• [Assigned task]: Without including any pictures, reproduce all the lines below word for word.

[Exercise inputs — start]

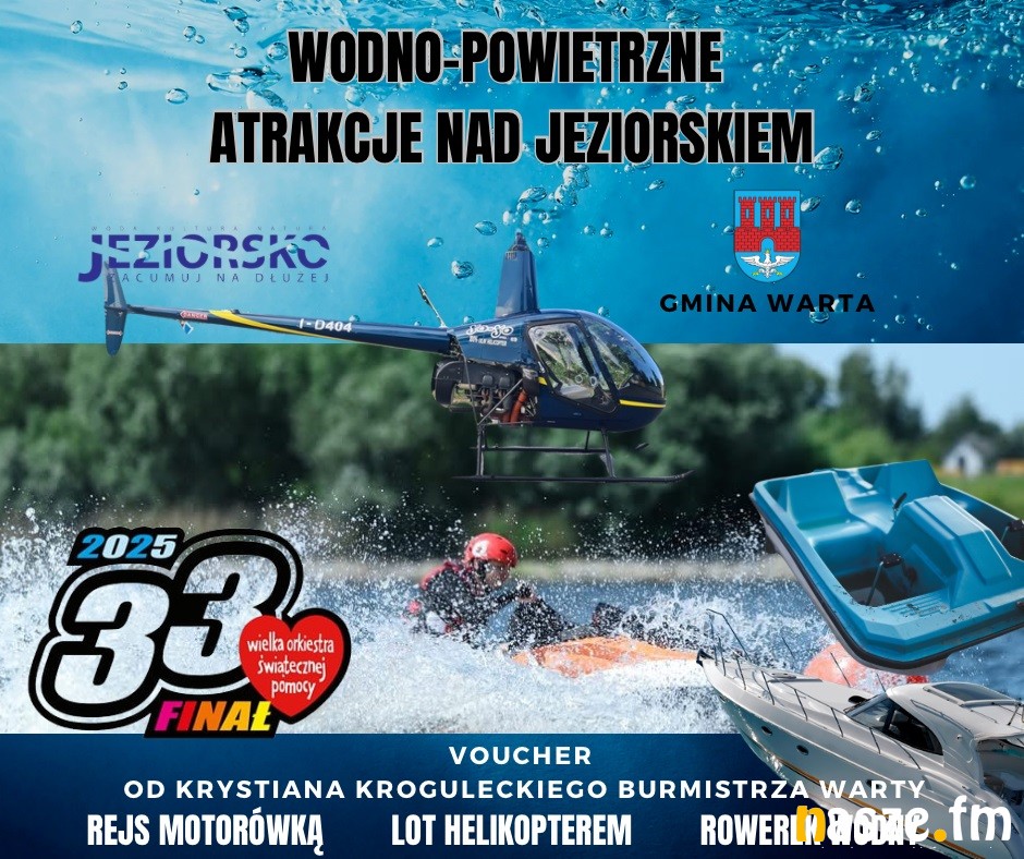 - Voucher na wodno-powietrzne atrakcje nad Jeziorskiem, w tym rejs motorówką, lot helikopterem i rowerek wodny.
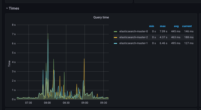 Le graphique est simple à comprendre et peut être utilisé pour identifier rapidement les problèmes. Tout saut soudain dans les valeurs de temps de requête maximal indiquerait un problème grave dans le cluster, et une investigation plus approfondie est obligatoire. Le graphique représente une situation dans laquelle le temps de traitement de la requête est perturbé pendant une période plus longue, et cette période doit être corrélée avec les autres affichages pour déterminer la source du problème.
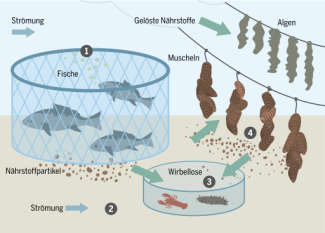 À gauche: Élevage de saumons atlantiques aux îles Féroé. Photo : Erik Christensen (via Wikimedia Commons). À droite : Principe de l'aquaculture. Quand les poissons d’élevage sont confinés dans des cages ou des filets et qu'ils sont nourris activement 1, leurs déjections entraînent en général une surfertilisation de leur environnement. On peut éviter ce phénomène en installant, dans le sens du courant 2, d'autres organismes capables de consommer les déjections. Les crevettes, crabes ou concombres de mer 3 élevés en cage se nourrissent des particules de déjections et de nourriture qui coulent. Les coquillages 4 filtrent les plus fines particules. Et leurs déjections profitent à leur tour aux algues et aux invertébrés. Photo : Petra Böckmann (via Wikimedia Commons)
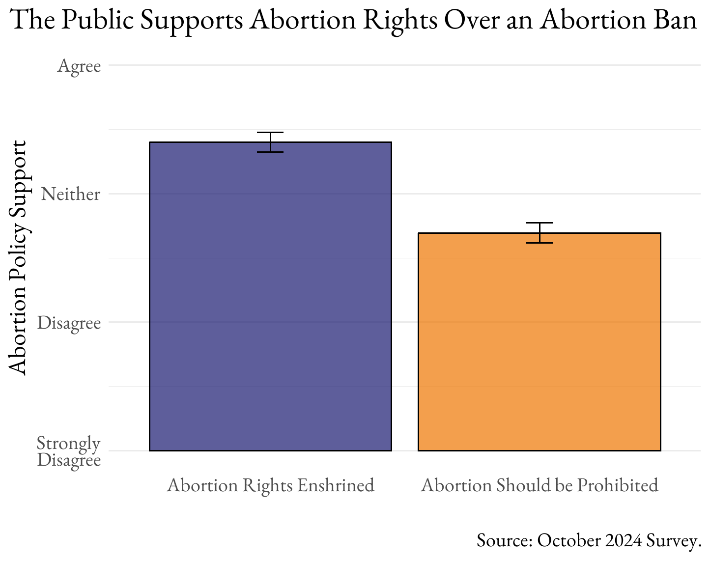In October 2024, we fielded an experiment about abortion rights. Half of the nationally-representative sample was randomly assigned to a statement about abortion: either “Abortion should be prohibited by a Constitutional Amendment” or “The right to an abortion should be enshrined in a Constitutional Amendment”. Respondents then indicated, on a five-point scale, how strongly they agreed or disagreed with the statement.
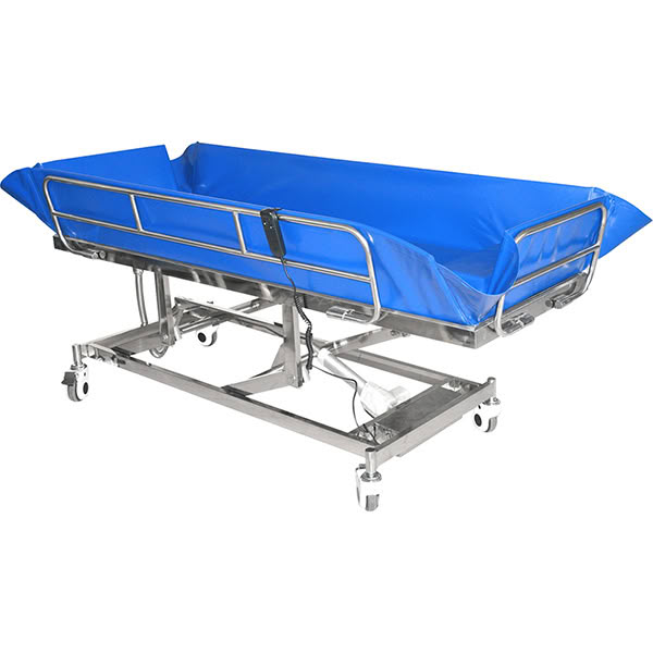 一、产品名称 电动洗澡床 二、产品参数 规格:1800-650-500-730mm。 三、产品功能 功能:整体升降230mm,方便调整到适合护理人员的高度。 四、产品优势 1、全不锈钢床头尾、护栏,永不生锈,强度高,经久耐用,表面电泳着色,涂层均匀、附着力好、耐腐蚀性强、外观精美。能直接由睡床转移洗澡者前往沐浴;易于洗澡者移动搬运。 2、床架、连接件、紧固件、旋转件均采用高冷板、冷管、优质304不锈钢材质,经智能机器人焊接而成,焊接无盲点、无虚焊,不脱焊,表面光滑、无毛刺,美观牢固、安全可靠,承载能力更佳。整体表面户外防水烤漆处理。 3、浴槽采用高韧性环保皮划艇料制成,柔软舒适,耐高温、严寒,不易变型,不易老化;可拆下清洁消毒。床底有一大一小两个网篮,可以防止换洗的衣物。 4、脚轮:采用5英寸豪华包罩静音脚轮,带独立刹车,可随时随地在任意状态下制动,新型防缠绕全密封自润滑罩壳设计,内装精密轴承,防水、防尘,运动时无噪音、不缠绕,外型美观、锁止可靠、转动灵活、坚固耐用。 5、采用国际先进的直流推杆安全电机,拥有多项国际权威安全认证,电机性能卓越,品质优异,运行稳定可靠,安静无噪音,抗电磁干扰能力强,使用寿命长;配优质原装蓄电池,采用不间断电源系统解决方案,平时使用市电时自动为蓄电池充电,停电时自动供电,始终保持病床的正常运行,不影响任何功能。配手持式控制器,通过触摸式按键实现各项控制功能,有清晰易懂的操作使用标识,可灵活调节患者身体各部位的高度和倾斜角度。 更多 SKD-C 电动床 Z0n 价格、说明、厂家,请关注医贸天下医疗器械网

[Exercise inputs — finish]

• [The completed task]:
 - Voucher na wodno-powietrzne atrakcje nad Jeziorskiem, w tym rejs motorówką, lot helikopterem i rowerek wodny.
 Le graphique est simple à comprendre et peut être utilisé pour identifier rapidement les problèmes. Tout saut soudain dans les valeurs de temps de requête maximal indiquerait un problème grave dans le cluster, et une investigation plus approfondie est obligatoire. Le graphique représente une situation dans laquelle le temps de traitement de la requête est perturbé pendant une période plus longue, et cette période doit être corrélée avec les autres affichages pour déterminer la source du problème.
 À gauche: Élevage de saumons atlantiques aux îles Féroé. Photo : Erik Christensen (via Wikimedia Commons). À droite : Principe de l'aquaculture. Quand les poissons d’élevage sont confinés dans des cages ou des filets et qu'ils sont nourris activement 1, leurs déjections entraînent en général une surfertilisation de leur environnement. On peut éviter ce phénomène en installant, dans le sens du courant 2, d'autres organismes capables de consommer les déjections. Les crevettes, crabes ou concombres de mer 3 élevés en cage se nourrissent des particules de déjections et de nourriture qui coulent. Les coquillages 4 filtrent les plus fines particules. Et leurs déjections profitent à leur tour aux algues et aux invertébrés. Photo : Petra Böckmann (via Wikimedia Commons)
In October 2024, we fielded an experiment about abortion rights. Half of the nationally-representative sample was randomly assigned to a statement about abortion: either “Abortion should be prohibited by a Constitutional Amendment” or “The right to an abortion should be enshrined in a Constitutional Amendment”. Respondents then indicated, on a five-point scale, how strongly they agreed or disagreed with the statement.
 一、产品名称 电动洗澡床 二、产品参数 规格:1800-650-500-730mm。 三、产品功能 功能:整体升降230mm,方便调整到适合护理人员的高度。 四、产品优势 1、全不锈钢床头尾、护栏,永不生锈,强度高,经久耐用,表面电泳着色,涂层均匀、附着力好、耐腐蚀性强、外观精美。能直接由睡床转移洗澡者前往沐浴;易于洗澡者移动搬运。 2、床架、连接件、紧固件、旋转件均采用高冷板、冷管、优质304不锈钢材质,经智能机器人焊接而成,焊接无盲点、无虚焊,不脱焊,表面光滑、无毛刺,美观牢固、安全可靠,承载能力更佳。整体表面户外防水烤漆处理。 3、浴槽采用高韧性环保皮划艇料制成,柔软舒适,耐高温、严寒,不易变型,不易老化;可拆下清洁消毒。床底有一大一小两个网篮,可以防止换洗的衣物。 4、脚轮:采用5英寸豪华包罩静音脚轮,带独立刹车,可随时随地在任意状态下制动,新型防缠绕全密封自润滑罩壳设计,内装精密轴承,防水、防尘,运动时无噪音、不缠绕,外型美观、锁止可靠、转动灵活、坚固耐用。 5、采用国际先进的直流推杆安全电机,拥有多项国际权威安全认证,电机性能卓越,品质优异,运行稳定可靠,安静无噪音,抗电磁干扰能力强,使用寿命长;配优质原装蓄电池,采用不间断电源系统解决方案,平时使用市电时自动为蓄电池充电,停电时自动供电,始终保持病床的正常运行,不影响任何功能。配手持式控制器,通过触摸式按键实现各项控制功能,有清晰易懂的操作使用标识,可灵活调节患者身体各部位的高度和倾斜角度。 更多 SKD-C 电动床 Z0n 价格、说明、厂家,请关注医贸天下医疗器械网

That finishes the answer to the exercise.